On Monday, July 30, 2012 09:09:42 PM Rajeev Singh wrote:
> I made sure to check that all the programs are running with single thread.
I wrote out your algorithm using direct BLAS calls. That got it down to ~8s on
my machine, from an improved version using plain Julia that was running at
~12s. There is a bigger advantage to using BLAS (I've seen up to 6-fold) when
the matrices get bigger. So I'm very glad I took the time to learn this, I'll
definitely use it in some work I'll be doing soon.

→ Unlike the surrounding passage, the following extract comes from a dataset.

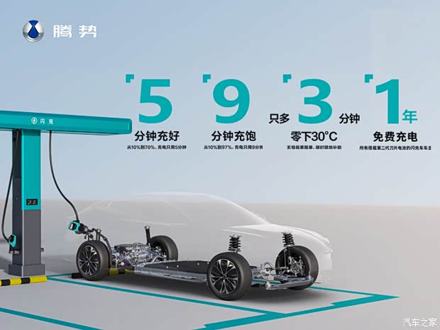 作为腾势品牌首搭全球领先闪充技术的旗舰车型,全新腾势Z9GT依托第二代刀片电池的核心技术优势,彻底打破“闪充与长续航不可兼得”的行业困境,重新定义新能源补能速度。其搭载的闪充技术实现“常温5分钟充好、9分钟充饱”的极致体验,即便在-30℃极寒环境下,从20%电量充至97%也仅比常温多3分钟,真正实现“充电如加油般便捷”,彻底解决用户续航焦虑[3][6]。同时,第二代刀片电池通过构建“锂离子高速通道”和“全温域智能热管理系统”,在实现闪充的同时,能量密度较第一代提升5%以上,搭配整车轻量化设计,纯电版最高续航可达1036公里,成为全球续航最长的量产纯电车型之一。此外,腾势配套的1500kW全球量产单枪最大功率闪充桩,采用“滑轨悬吊式T型桩”设计,实现零重力充电、即插即充,进一步升级补能体验。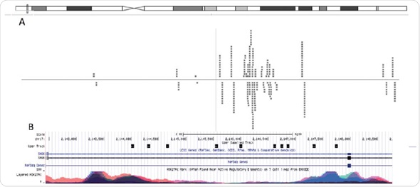 Figure 6. Graphical visualization of read alignment. When aligned to the genome using Bowtie software, MACSidentified peaks can be visualized through genome-browsers. (A) Chipster genome browser view of the chromosomal locus near the SMG6 gene. The dashed lines represents reads, which align to the reference genome that are associated with H3K4me3. (B) UCSC genome browser view of the same chromosomal locus overlayed with H3K27Ac ENCODE data.

Files are attached. Change Niter to 2^16 before running @time laplace_iter(u,
dx, dy, Niter).
If we assume that BLAS is basically as good as it gets, and if my laptop is
not dreadfully slower than your machine, then there's something slightly
suspicious about your results that show running times <3s.
For the Cilk and various Fortran implementations, if you really are certain
they are restricted to using only one core (you checked via top, right?),
then...are you really sure the computation is running as you expect? The
reason I ask is that there were things in your Julia code that one could
imagine would cause it to just skip the entire computation: you were returning
u[1,1], and that value is always zero, so in principle a sufficiently-smart
compiler could have just optimized the entire computation away. In my code I
changed it to make sure that didn't happen. If it is getting simply optimized
away for some of your languages (e.g., Cilk & Fortran), that would explain the
suspiciously-fast results you're seeing. Of course, if it were being optimized
away, perhaps it should have run even faster, so I am not sure this explains
it.
If all really is as you expect, then either:
1. My machine is a lot slower than yours. Try this code, and see what happens.
2. There is something significantly better than OpenBLAS out there. It would be
interesting to know what it is.
Those seem to be the only two possibilities. I profiled the laplace_blas code,
and it's spending all of its time in BLAS calls. So by this point there is no
"julia" in there, really.
--Tim